- _Directions_
Write every line below out again exactly, images omitted.

- _Data extract_
[Start of section]
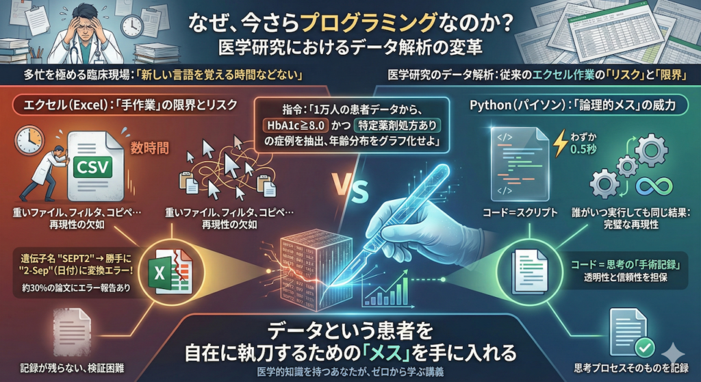 「多忙を極める臨床の現場で、新しい言語を覚える時間などない」。そう思われるのは当然です。しかし、医学研究におけるデータ解析の現場では、従来のエクセル(Excel)作業が抱える「リスク」と「限界」が浮き彫りになっています。
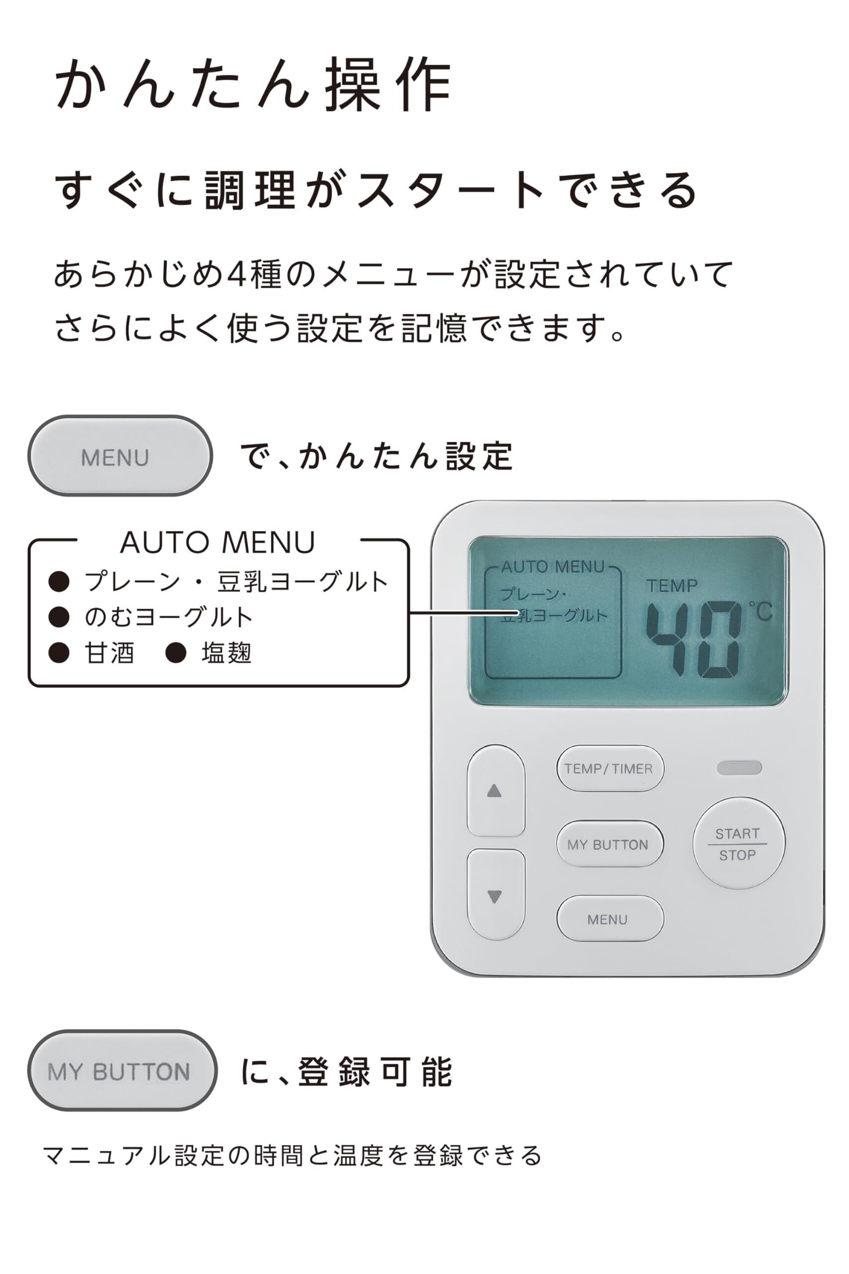 【人気メニュー4種はオートメニューにおまかせ】 「プレーンヨーグルト・豆乳ヨーグルト」「のむヨーグルト」「甘酒」「塩麹」の4種のオートメニューをご用意。難しそうな発酵食品づくりもおまかせでおいしく出来上がります。 また、マニュアルモードなら1℃・1時間刻みで、こまかい設定が可能。 味や食感を自分好みアレンジして、こだわり発酵食品が作れます。 オフタイマー付きだから、電源切り忘れや過発酵を防止できます。
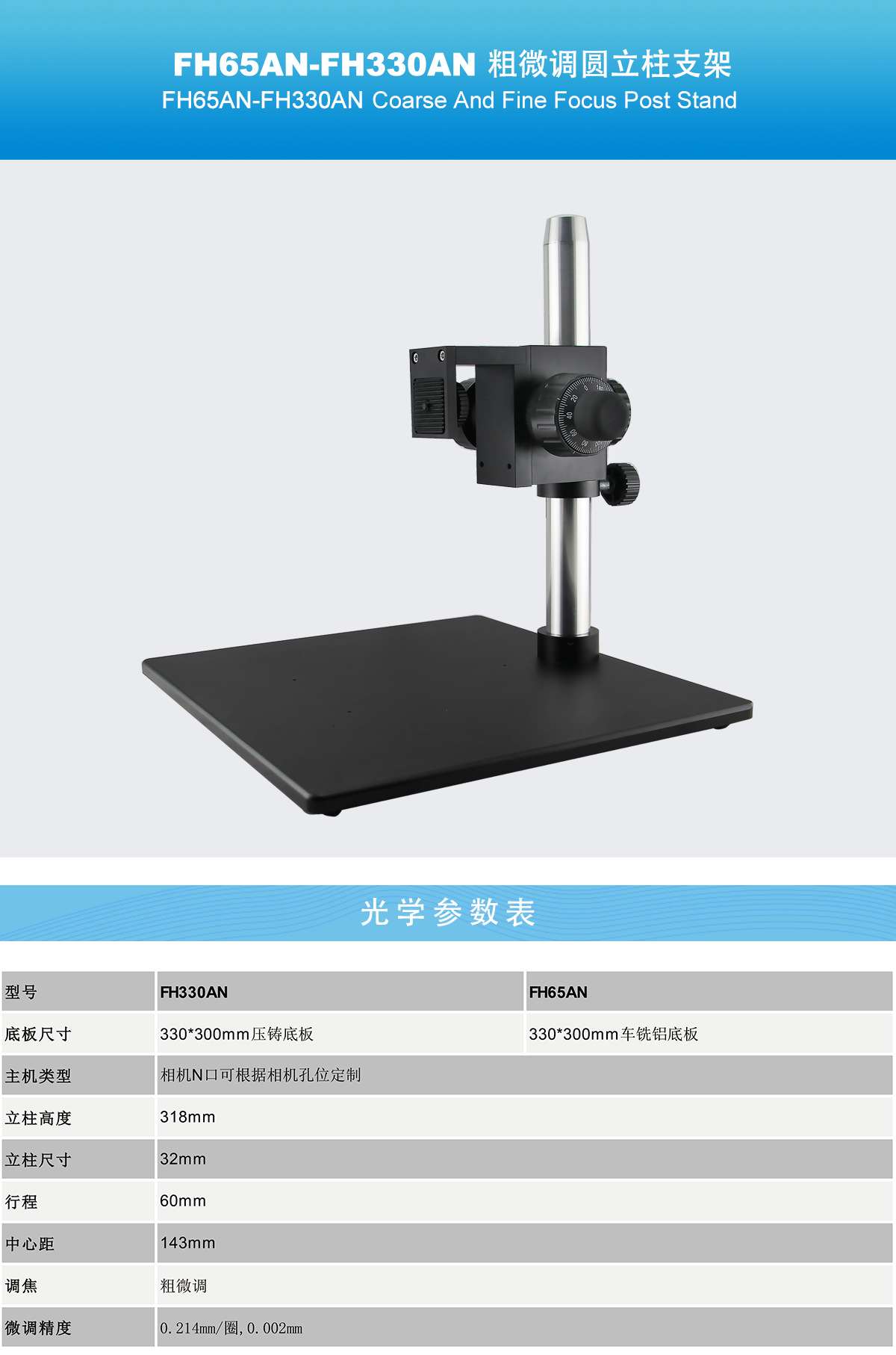 主机类型:相机N接口,立柱高度318mm,底板尺寸330*300mm,行程60mm,中心距143mm,微调精度0.214mm/圈,微调精度0.002mm。
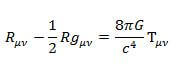 צד ימין של המשוואות מתאר את התפלגות המסה והאנרגיה במרחב-זמן: טנזור צפיפות האנרגיה מוכפל בקבוע יסודי השווה ל-8πG/c4 (כאשר G הוא קבוע הכבידה ו-c היא מהירות האור).
[End of section]
- _Answer to this problem_
 「多忙を極める臨床の現場で、新しい言語を覚える時間などない」。そう思われるのは当然です。しかし、医学研究におけるデータ解析の現場では、従来のエクセル(Excel)作業が抱える「リスク」と「限界」が浮き彫りになっています。
 【人気メニュー4種はオートメニューにおまかせ】 「プレーンヨーグルト・豆乳ヨーグルト」「のむヨーグルト」「甘酒」「塩麹」の4種のオートメニューをご用意。難しそうな発酵食品づくりもおまかせでおいしく出来上がります。 また、マニュアルモードなら1℃・1時間刻みで、こまかい設定が可能。 味や食感を自分好みアレンジして、こだわり発酵食品が作れます。 オフタイマー付きだから、電源切り忘れや過発酵を防止できます。
 主机类型:相机N接口,立柱高度318mm,底板尺寸330*300mm,行程60mm,中心距143mm,微调精度0.214mm/圈,微调精度0.002mm。
 צד ימין של המשוואות מתאר את התפלגות המסה והאנרגיה במרחב-זמן: טנזור צפיפות האנרגיה מוכפל בקבוע יסודי השווה ל-8πG/c4 (כאשר G הוא קבוע הכבידה ו-c היא מהירות האור).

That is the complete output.